Raquel, a 25-year-old woman who works in the healthcare field, acknowledges that she does not use AI in her work: “I don’t need it.” However, he observes just the opposite in part of his environment. She has friends who, she says, “use AI for absolutely everything”: “To count how many days are left until a specific date, to find ATMs at their bank, to know what wine to buy…”.
That daily dependency It is precisely one of the things that bothers him the most. Still, he believes that completely escaping these tools is becoming increasingly difficult, “even if you have a critical view of them,” because AI has already been integrated into services as basic as search engines themselves.
Escudero-Viñolo maintains that, paradoxically, the system itself is pushing young people to use AI even if they have reservations about it. In the university environment, he assures, tasks begin to be designed assuming that students will use these tools, increasing their complexity and making it difficult to complete them without the support of these models. “They are forcing them to use it because they don’t arrive,” he points out.
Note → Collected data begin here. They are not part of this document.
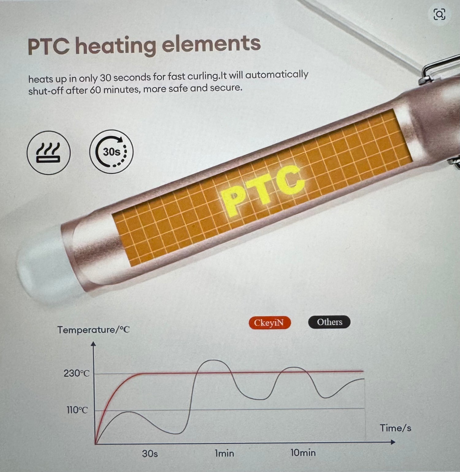 Éléments chauffants PTC, chauffent en seulement 30 secondes pour un curling rapide. Il s'éteint automatiquement après 60 minutes, plus sûr et sécurisé.
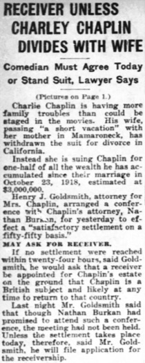 „RECEIVER UNLESS CHARLEY CHAPLIN DIVIDES
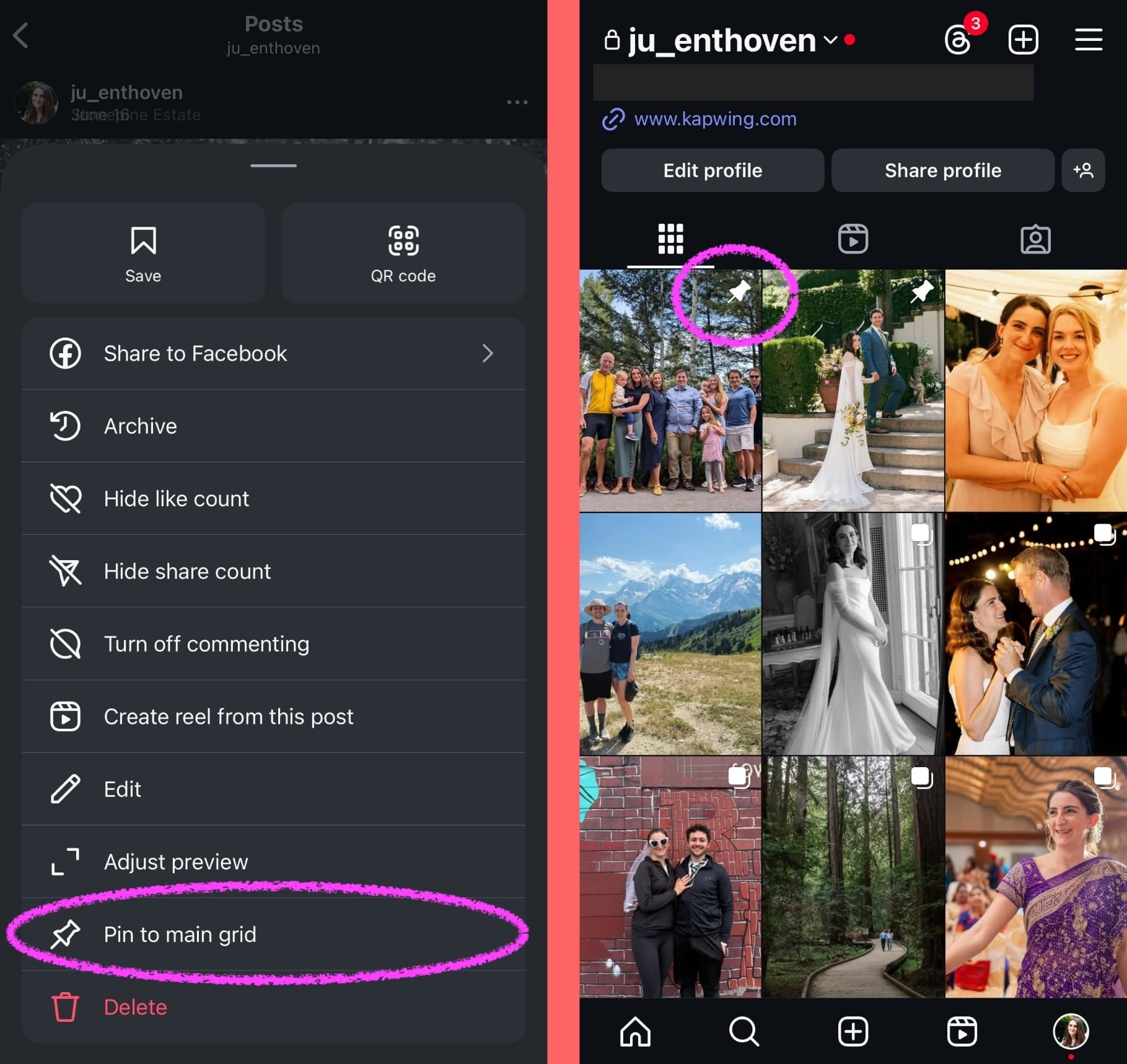 Step 4: Organize and play with your top 3 pinned Instagram posts

At the same time, this mass adoption is occurring “without having much idea about all the subsequent impacts it may have,” especially on the development of cognitive skills and abilities.
Although there may be widespread use of AI tools among younger generations, “it is premature to talk about addictionFrancisco José Estupiñá Puig, a contracted professor at the Faculty of Psychology at the UCM and co-director of the addictive behavior research group Controlab, prefers to talk about “dependence.” Estupiñá Puig proposes a possible future where AI “ends up becoming indispensable for many people, as the telephone or the internet connection already is.”
From educational technology, Poyatos Dorado sees it as essential “not to delegate our thinking to AI”: “If AI writes for you, it means it thinks for you.” Meanwhile, for Gutiérrez García a “critical vision of AI can be interesting, but not enough.” Especially in a context in which “people cling to its use like a burning nail.”
From psychology, Estupiñá Puig highlights the importance of “posing limits of use and seeking delimited interactions,” maintaining a “defined purpose and clear objectives.” For the expert, an uncritical use of these tools can have consequences on two levels: both in the mental health —especially when AI begins to occupy spaces of emotional or even therapeutic support—as well as intellectual support.
“That one of the three most popular uses of ChatGPT is to use it as psychotherapy, which is a terrible idea, speaks to us about a problem of regulation as well as one of access to resources to maintain mental health,” he points out. And he adds another warning: “We must be careful with the possibility that regular unstructured use weakens our critical thinking.”
In a context in which it is required to develop a relationship with a technology that in a very short time has been massively integrated into everyday life—and which, in addition, greatly facilitates many tasks—Escudero-Viñolo remembers that “stability” is a key factor to be able to reflect on its use. When the daily rhythm barely leaves room to stop, think and question the extent to which we depend on these tools, it is much more difficult to consider limits or alternative ways of relating to them.